Install VideoSDK Package

Add the com.unity.nuget.newtonsoft-json package by following the instructions provided here.

Step 2: Platform Setup

Platform Setup

Android Setup

To integrate the VideoSDK into your Android project, follow these steps:

Add the following repository configuration to your settingsTemplate.gradle file:

settingsTemplate.gradle
dependencyResolutionManagement {
    repositoriesMode.set(RepositoriesMode.PREFER_SETTINGS)
    repositories {
        **ARTIFACTORYREPOSITORY**
        google()
        mavenCentral()
        jcenter()
        maven {
            url = uri("https://maven.aliyun.com/repository/jcenter")
        }
        flatDir {
            dirs "${project(':unityLibrary').projectDir}/libs"
        }
    }
}

Install Android SDK in mainTemplate.gradle

mainTemplate.gradle
dependencies {
    implementation 'live.videosdk:rtc-android-sdk:0.3.1'
}

If your project has set android.useAndroidX=true, then set android.enableJetifier=true in the gradleTemplate.properties file to migrate your project to AndroidX and avoid duplicate class conflict.

gradleTemplate.gradle
android.enableJetifier = true;
android.useAndroidX = true;
android.suppressUnsupportedCompileSdk = 34;

Setting Up for iOS

Build for iOS: In Unity, export the project for iOS.
Open in Xcode: Navigate to the generated Xcode project and open it.
Configure Frameworks:
- Select the Unity-iPhone target.
- Go to the General tab.
- Under Frameworks, Libraries, and Embedded Content, add VideoSDK and its required frameworks.

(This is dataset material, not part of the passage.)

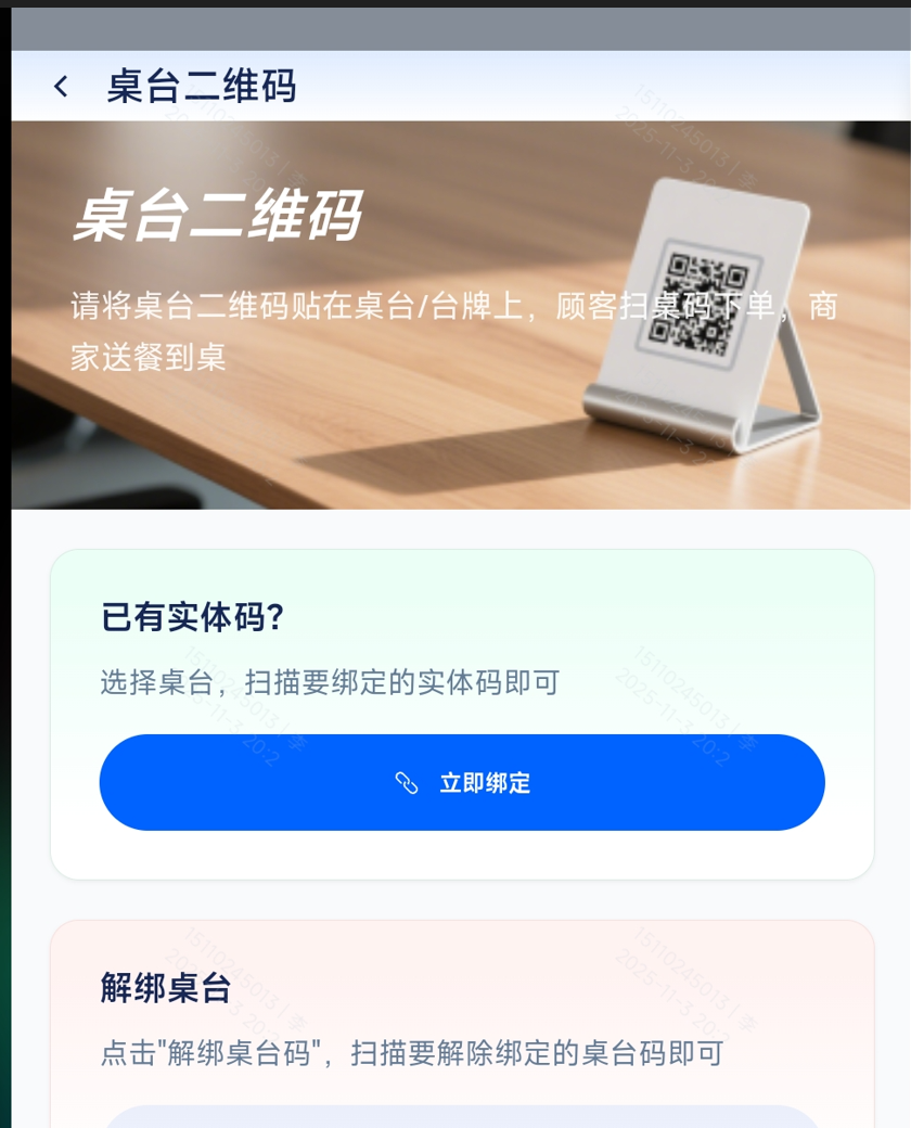- 桌台二维码:可以绑定空二维码,解绑桌台二维码

Unity iPhone Frameworks, Libraries, and Embedded Content

Step 3: Create a Meeting Room

Create a Meeting Room

Create a static roomId using the VideoSDK API. Both the Unity app and the AI agent will use this ID to connect to the same meeting.

curl -X POST https://api.videosdk.live/v2/rooms \
  -H "Authorization: YOUR_JWT_TOKEN_HERE" \
  -H "Content-Type: application/json"

Replace YOUR_JWT_TOKEN_HERE with your VideoSDK auth token. Copy the roomId from the response for the next steps.

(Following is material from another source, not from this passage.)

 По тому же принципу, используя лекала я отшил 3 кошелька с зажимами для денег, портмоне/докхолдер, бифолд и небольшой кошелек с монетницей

Step 4: Configure Unity Project

Configure Unity Project

Update GameManager.cs with your VideoSDK auth token and the roomId you just created.

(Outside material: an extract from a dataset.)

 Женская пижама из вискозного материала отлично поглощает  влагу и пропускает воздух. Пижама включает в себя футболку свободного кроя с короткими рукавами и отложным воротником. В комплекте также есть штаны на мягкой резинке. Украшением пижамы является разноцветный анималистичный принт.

Unity/Assets/Scripts/GameManager.cs
// ... existing code ...
public class GameManager : MonoBehaviour
{
    // ... existing code ...
    private readonly string _token = "YOUR_VIDEOSDK_AUTH_TOKEN";
    private readonly string _staticMeetingId = "YOUR_MEETING_ID";
    // ... existing code ...
}

Step 5: Set Up Platform-Specific Permissions

Set Up Platform-Specific Permissions

For Android:

Add the following permissions to your AndroidManifest.xml file:

AndroidManifest.xml
<uses-permission android:name="android.permission.CAMERA"/>
<uses-permission android:name="android.permission.RECORD_AUDIO"/>
<uses-permission android:name="android.permission.MODIFY_AUDIO_SETTINGS"/>

For iOS:

Ensure your Info.plist includes descriptions for camera and microphone usage:

Info.plist
<key>NSCameraUsageDescription</key>
<string>Camera access is required for video calls.</string>
<key>NSMicrophoneUsageDescription</key>
<string>Microphone access is required for audio calls.</string>

2. Python AI Agent

Step 1: Configure Environment and Credentials

Configure Environment and Credentials

Create a .env file in the Unity-quickstart directory to store your API keys.

.env
# Google API Key for Gemini Live API
GOOGLE_API_KEY="your_google_api_key_here"

# VideoSDK Authentication Token
VIDEOSDK_AUTH_TOKEN="your_videosdk_auth_token_here"

Step 2: Create the Python AI Agent

Create the Python AI Agent

The Python agent joins the same meeting room to interact with the user. Update agent-unity.py with your roomId.

agent-unity.py
from videosdk.agents import Agent, AgentSession, RealTimePipeline,JobContext, RoomOptions, WorkerJob
from videosdk.plugins.google import GeminiRealtime, GeminiLiveConfig
import logging
logging.getLogger().setLevel(logging.INFO)

class MyVoiceAgent(Agent): 
    def __init__(self):
        super().__init__(
            instructions="You are a high-energy game-show host guiding the caller to guess a secret number from 1 to 100 to win 1,000,000$.",
        )

    async def on_enter(self) -> None:
        await self.session.say("Welcome to the Videosdk's AI Agent game show! I'm your host, and we're about to play for 1,000,000$. Are you ready to play?")
    
    async def on_exit(self) -> None:
        await self.session.say("Goodbye!")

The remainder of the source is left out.